After leaving the insular world he had known his whole life, the next step was the US Army. Perhaps surprisingly, military life provided a relatively soft landing for the newly secular young man.
“The nice thing about being in the army, especially in basic training, is that everyone is out of their element, so I didn’t stick out like a sore thumb more than anyone else did,” Mandel reflected.
Still, he said, he had to smile and nod as if he was in the know when conversation turned to pop culture.
He didn’t tell people about his background, or that he was Jewish at all, until they got to know him. “I made it a point of not telling people until they got close. I wanted to break stereotypes with the people I got to know.”

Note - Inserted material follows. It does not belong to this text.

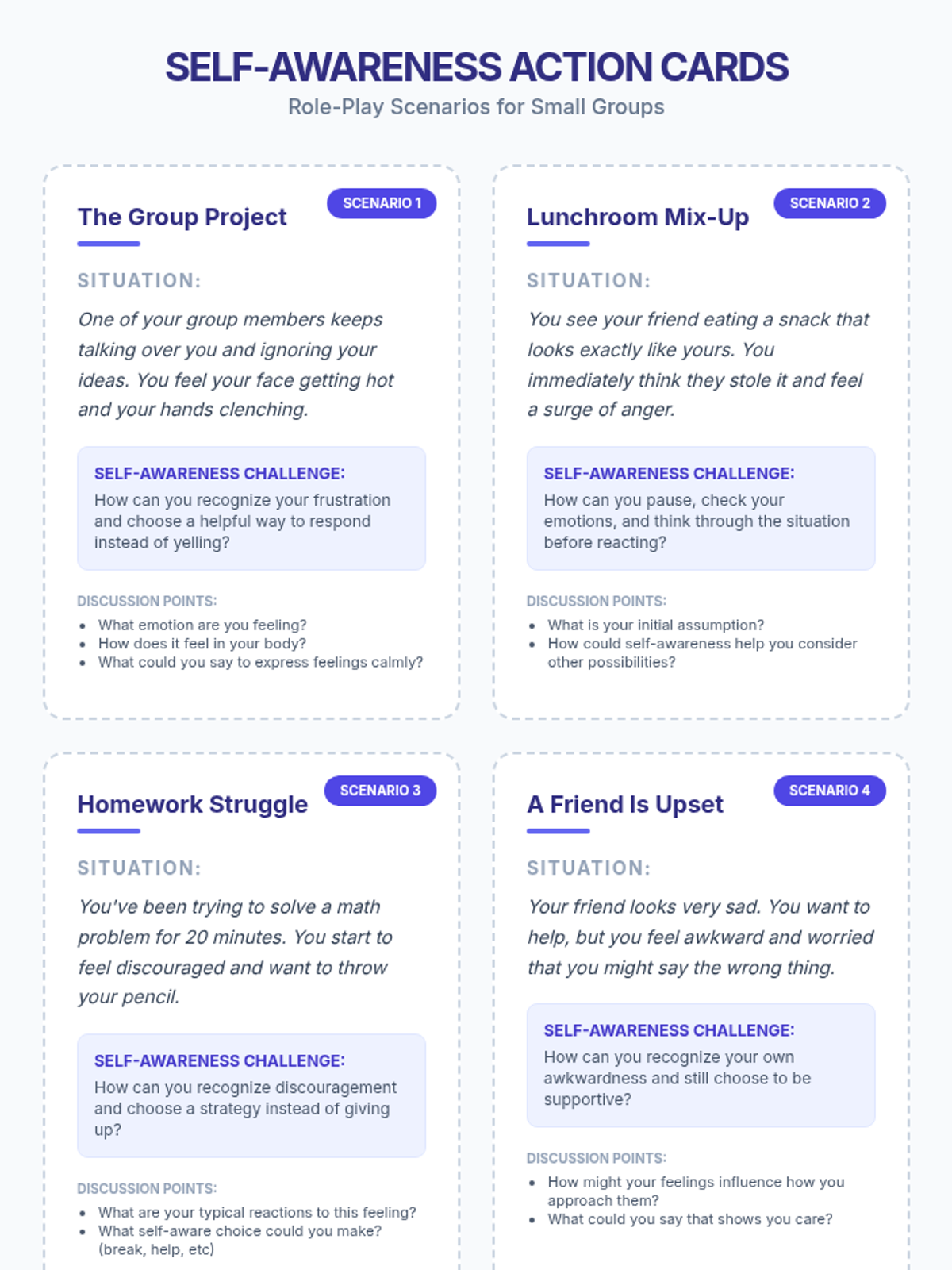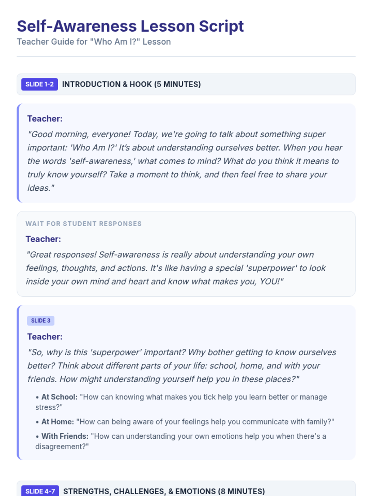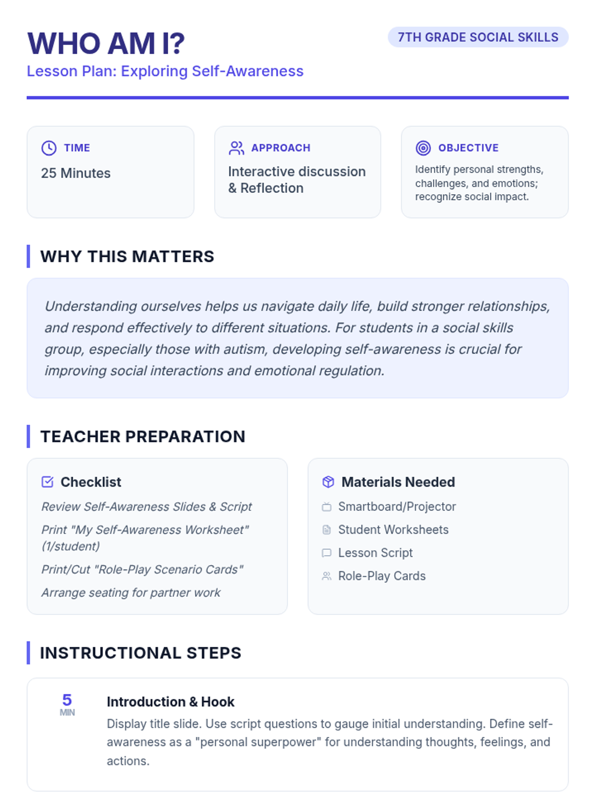 A 25-minute Tier 2 social skills lesson for 7th graders to explore self-awareness, including identifying strengths, challenges, and emotions to improve social interactions.

Serving almost five years in the 82nd Airborne Division, Mandel was deployed to South Korea and Haiti. When Haiti was struck by a devastating earthquake in 2010, Mandel arrived there with his unit that very night.
Later he forayed into the public consciousness with irreverent activism that straddled the fringes of the ultra-Orthodox world.
“I was slightly known before I got out within the small ‘OTD [off the derech, literally, ‘off the path’] community’ (if there is such a thing),” he said, adding that he became “really well known” after organizing a protest against the “asifa,” the Hasidic rally in New York against the evils of the Internet.
“It got international press attention,” Mandel said. “Then my eBay shtick just took it to a whole other level.”
Nowadays, Mandel’s social media presence has proven to be surprisingly profitable, with the attention the Sabbath deal has brought leading to more donations pouring in.
“Make this one Shabbos as Jewy and holy as you possibly can, I’m game, as long you dish out the shekels,” he posted on Monday, just hours before hitting his minimum goal.
But the exercise is not likely to lead Mandel back to the world he turned his back on.
“I know Orthodox people who have been following the story would love for this to be the case, but I don’t have high hopes. It’s not like I left Orthodoxy because I hated Shabbos,” he said.
“Staying away from the Internet is what’s going to be the hardest,” he added.